▶ _Supplied data_

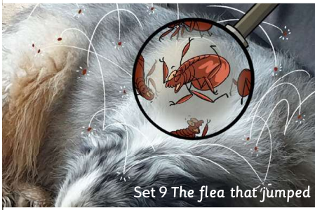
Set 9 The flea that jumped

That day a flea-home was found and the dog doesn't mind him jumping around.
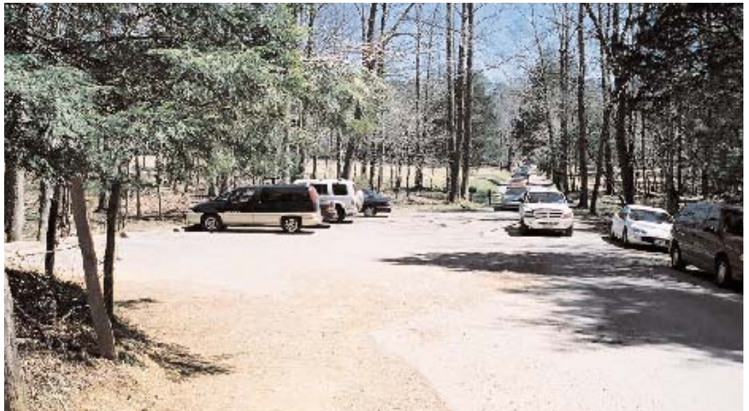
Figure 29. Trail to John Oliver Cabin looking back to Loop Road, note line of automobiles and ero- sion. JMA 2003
==
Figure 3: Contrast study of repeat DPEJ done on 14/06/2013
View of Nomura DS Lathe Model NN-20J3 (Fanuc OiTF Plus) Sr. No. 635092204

▶ _Your assignment_
Work out the count of lines in the data above containing the string "flea". Give it alone.

▶ _Response area_
2